GIVEN RECORDS:
· · · · · · ·

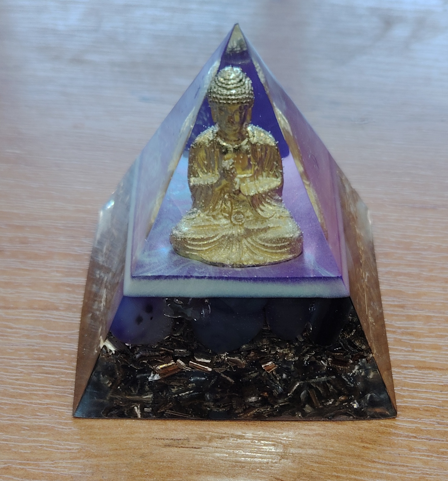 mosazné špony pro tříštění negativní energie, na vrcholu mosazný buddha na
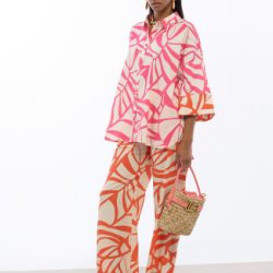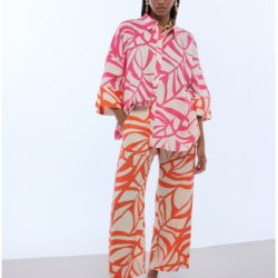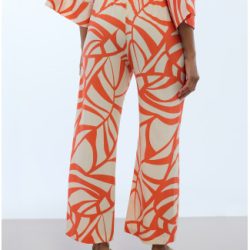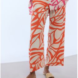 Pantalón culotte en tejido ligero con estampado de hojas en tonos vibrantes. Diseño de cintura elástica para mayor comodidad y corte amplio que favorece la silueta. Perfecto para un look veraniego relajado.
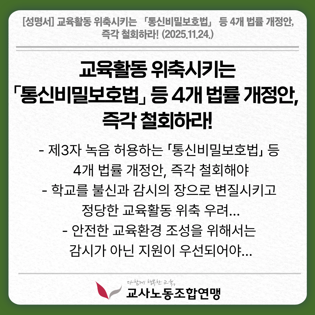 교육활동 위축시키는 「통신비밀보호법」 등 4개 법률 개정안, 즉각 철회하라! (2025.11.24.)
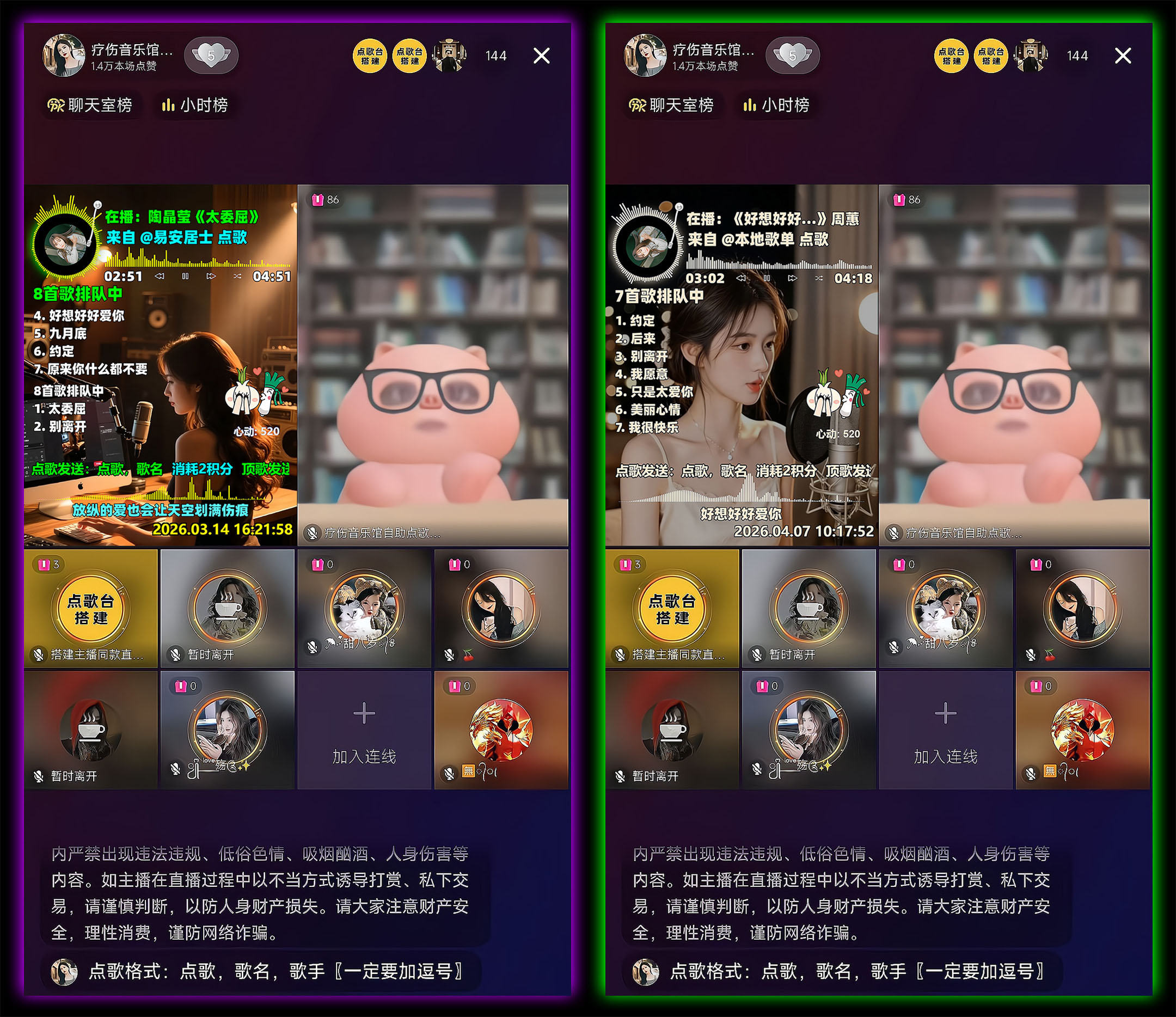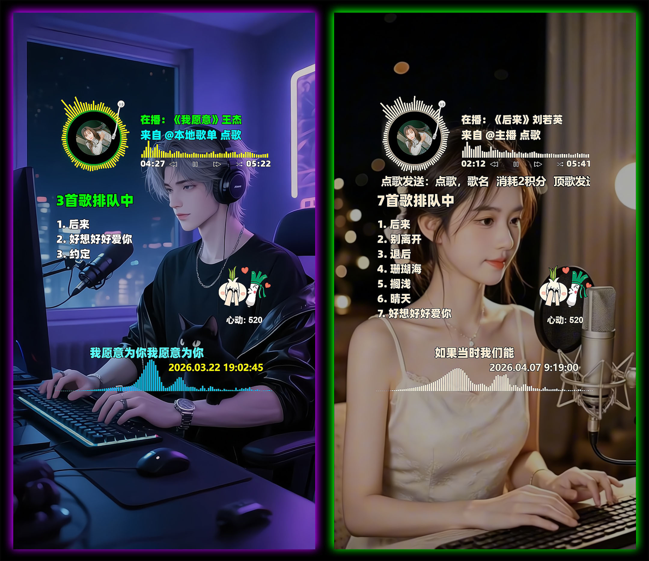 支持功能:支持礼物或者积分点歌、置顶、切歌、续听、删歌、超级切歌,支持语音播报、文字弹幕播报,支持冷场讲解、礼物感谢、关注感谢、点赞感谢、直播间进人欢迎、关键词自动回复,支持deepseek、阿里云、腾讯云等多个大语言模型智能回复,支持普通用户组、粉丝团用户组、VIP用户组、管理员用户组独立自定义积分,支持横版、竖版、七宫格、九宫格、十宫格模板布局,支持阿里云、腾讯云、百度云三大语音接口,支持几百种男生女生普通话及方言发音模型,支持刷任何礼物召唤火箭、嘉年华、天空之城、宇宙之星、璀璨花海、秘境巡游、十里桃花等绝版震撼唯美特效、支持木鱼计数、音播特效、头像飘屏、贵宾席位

· · · · · · ·

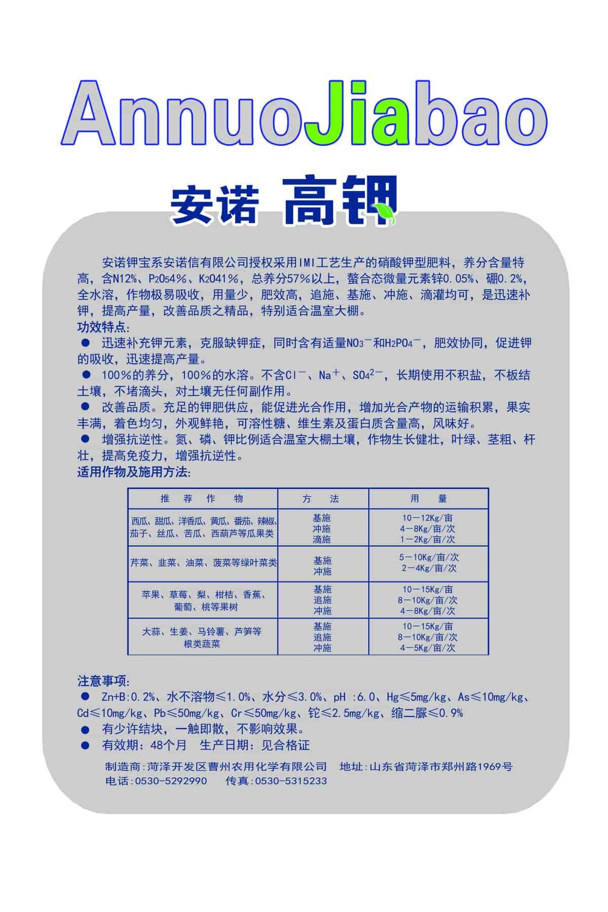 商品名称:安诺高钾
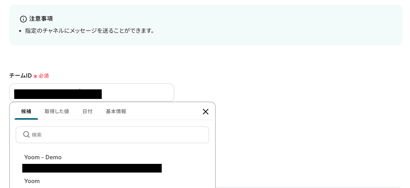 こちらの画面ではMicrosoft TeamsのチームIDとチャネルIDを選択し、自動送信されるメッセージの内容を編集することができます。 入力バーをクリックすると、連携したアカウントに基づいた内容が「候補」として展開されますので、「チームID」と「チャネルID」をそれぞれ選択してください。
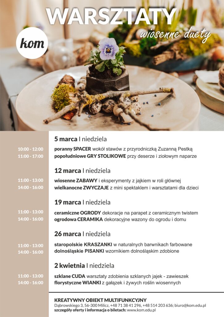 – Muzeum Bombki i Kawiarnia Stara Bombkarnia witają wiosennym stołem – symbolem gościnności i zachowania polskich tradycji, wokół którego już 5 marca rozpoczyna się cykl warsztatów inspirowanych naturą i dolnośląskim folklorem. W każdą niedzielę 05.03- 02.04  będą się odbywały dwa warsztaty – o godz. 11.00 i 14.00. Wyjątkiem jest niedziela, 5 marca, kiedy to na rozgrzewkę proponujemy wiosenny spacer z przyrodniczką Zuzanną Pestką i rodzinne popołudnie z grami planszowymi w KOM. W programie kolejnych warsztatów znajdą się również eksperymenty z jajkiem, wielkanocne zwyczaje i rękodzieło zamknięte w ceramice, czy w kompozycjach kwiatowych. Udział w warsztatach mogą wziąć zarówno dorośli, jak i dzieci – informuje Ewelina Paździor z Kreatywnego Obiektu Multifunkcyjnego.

· · · · · · ·

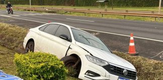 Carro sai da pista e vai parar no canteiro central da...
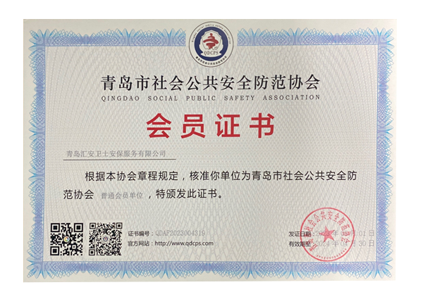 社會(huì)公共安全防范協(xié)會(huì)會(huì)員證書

· · · · · · ·

PROBLEM:
Within the material above, only the stretch from the line holding "mosazné špony pro" through the line holding "支持功能:支持礼物或者积分点" is to be restated exactly. Pictures are dropped.

THE COMPLETED TASK:
 mosazné špony pro tříštění negativní energie, na vrcholu mosazný buddha na
 Pantalón culotte en tejido ligero con estampado de hojas en tonos vibrantes. Diseño de cintura elástica para mayor comodidad y corte amplio que favorece la silueta. Perfecto para un look veraniego relajado.
 교육활동 위축시키는 「통신비밀보호법」 등 4개 법률 개정안, 즉각 철회하라! (2025.11.24.)
 支持功能:支持礼物或者积分点歌、置顶、切歌、续听、删歌、超级切歌,支持语音播报、文字弹幕播报,支持冷场讲解、礼物感谢、关注感谢、点赞感谢、直播间进人欢迎、关键词自动回复,支持deepseek、阿里云、腾讯云等多个大语言模型智能回复,支持普通用户组、粉丝团用户组、VIP用户组、管理员用户组独立自定义积分,支持横版、竖版、七宫格、九宫格、十宫格模板布局,支持阿里云、腾讯云、百度云三大语音接口,支持几百种男生女生普通话及方言发音模型,支持刷任何礼物召唤火箭、嘉年华、天空之城、宇宙之星、璀璨花海、秘境巡游、十里桃花等绝版震撼唯美特效、支持木鱼计数、音播特效、头像飘屏、贵宾席位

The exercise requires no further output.